_MATERIAL PROVIDED_
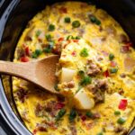 - Pour egg mixture over: Carefully pour the prepared egg mixture evenly over the meat and vegetable layer in the slow cooker, gently pressing down to distribute.
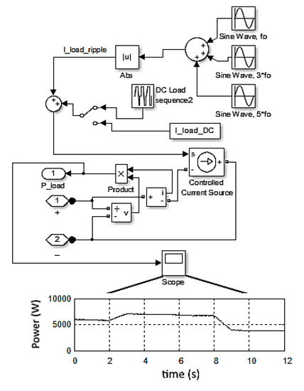 A controlled power source operating in constant or variable power mode is used to model the equivalent load demand on the DC bus (Figure 4).
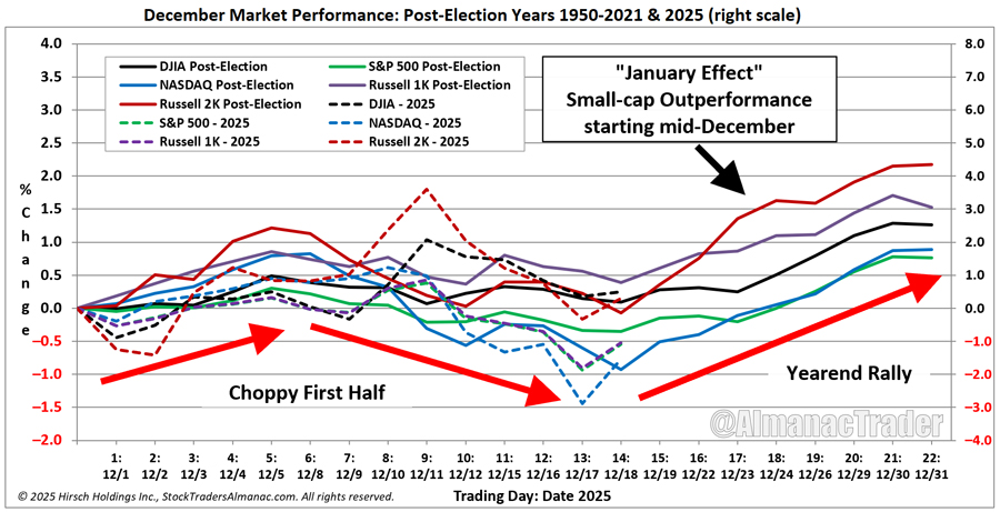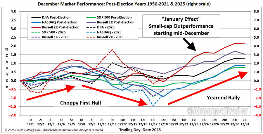 As of today’s close, DJIA and Russell 2000 are positive for December, up 0.49% and 0.30% respectively. NASDAQ has been the weakest, down 1.54% with tech-heavy S&P 500 and Russell 1000 also down just over 1%. It is also notable that this December’s NASDAQ and S&P 500 underperformance is consistent with past post-election years. Provided the market can hold today’s gains the second half of December rally has likely begun. Historically bullish week after quarterly options expiration (STA page 108) combined with holiday cheer (STA page 80) could propel the market higher through year end.
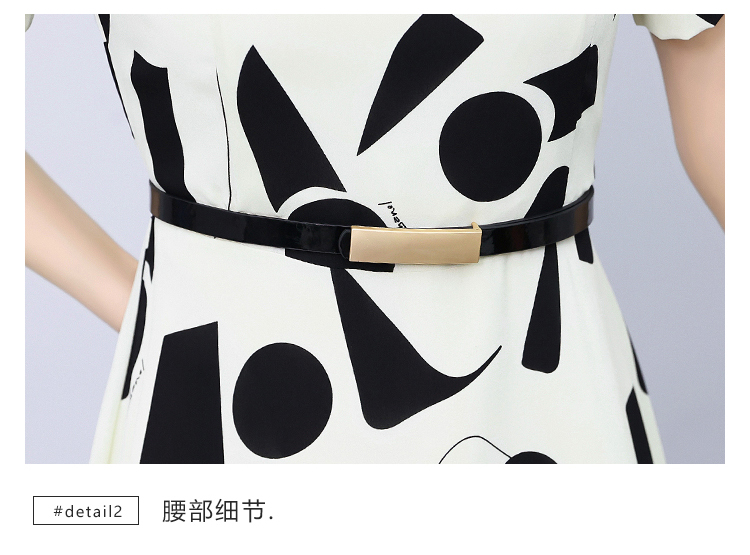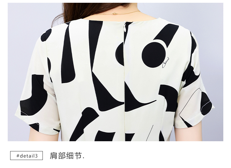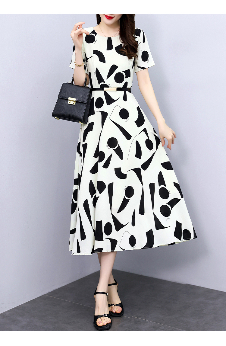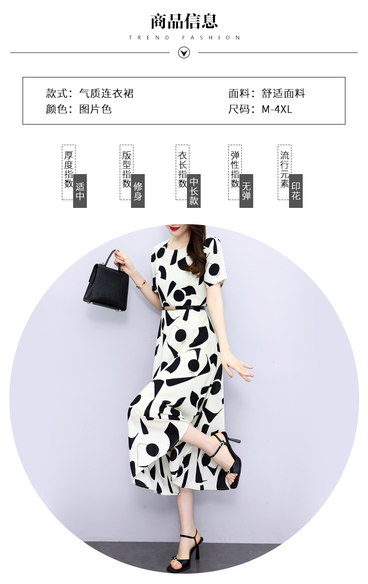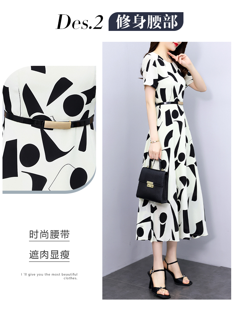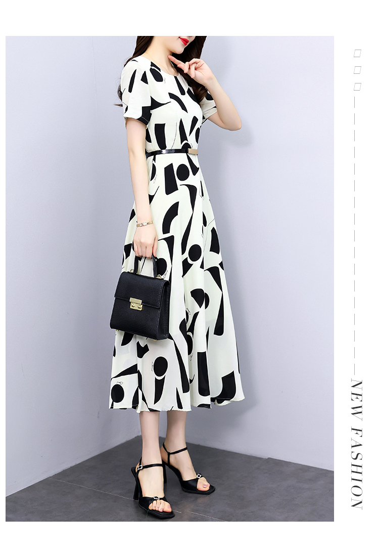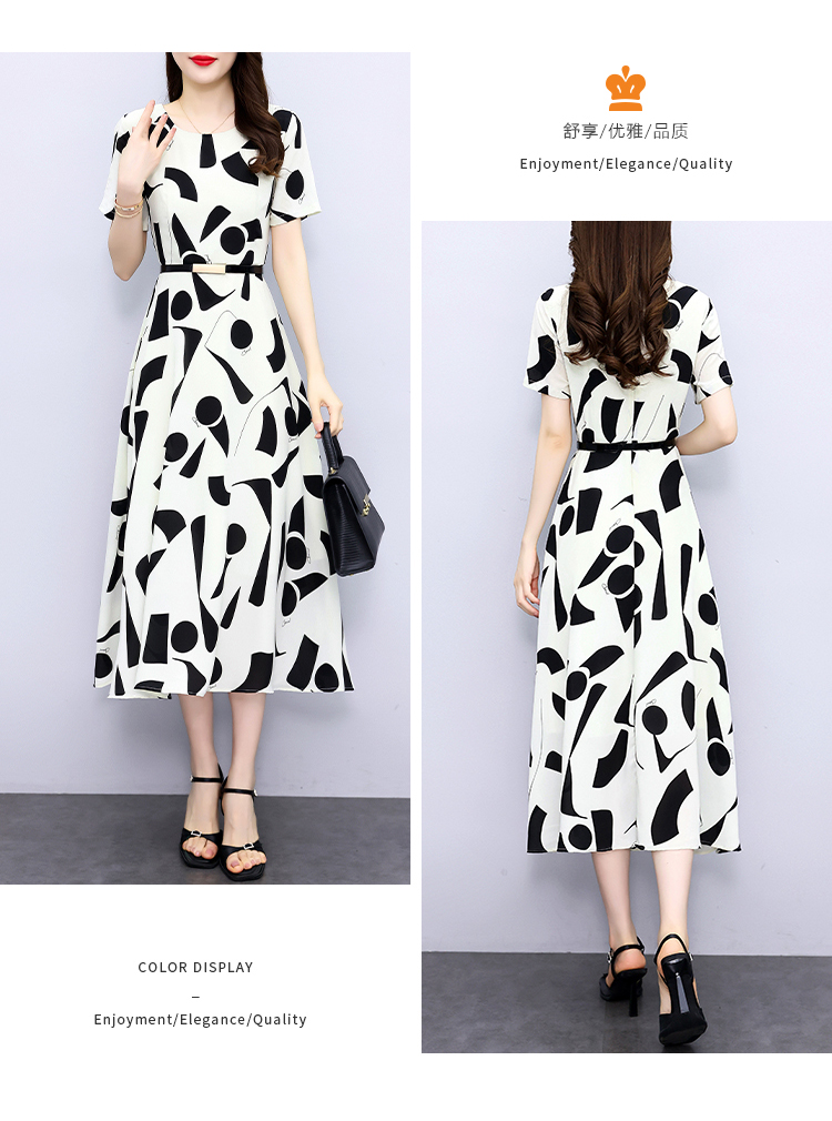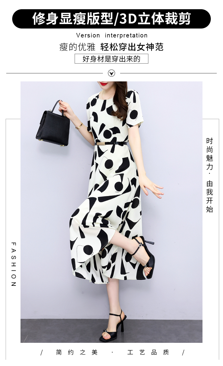 RM15108#气质雪纺印花连衣裙2023夏季新款显瘦收腰圆领减龄时尚长裙

_WHAT YOU ARE ASKED TO DO_
Make an exact copy of the listing. Do not carry over its pictures.

_RESULT OF THIS EXERCISE_
 - Pour egg mixture over: Carefully pour the prepared egg mixture evenly over the meat and vegetable layer in the slow cooker, gently pressing down to distribute.
 A controlled power source operating in constant or variable power mode is used to model the equivalent load demand on the DC bus (Figure 4).
 As of today’s close, DJIA and Russell 2000 are positive for December, up 0.49% and 0.30% respectively. NASDAQ has been the weakest, down 1.54% with tech-heavy S&P 500 and Russell 1000 also down just over 1%. It is also notable that this December’s NASDAQ and S&P 500 underperformance is consistent with past post-election years. Provided the market can hold today’s gains the second half of December rally has likely begun. Historically bullish week after quarterly options expiration (STA page 108) combined with holiday cheer (STA page 80) could propel the market higher through year end.
 RM15108#气质雪纺印花连衣裙2023夏季新款显瘦收腰圆领减龄时尚长裙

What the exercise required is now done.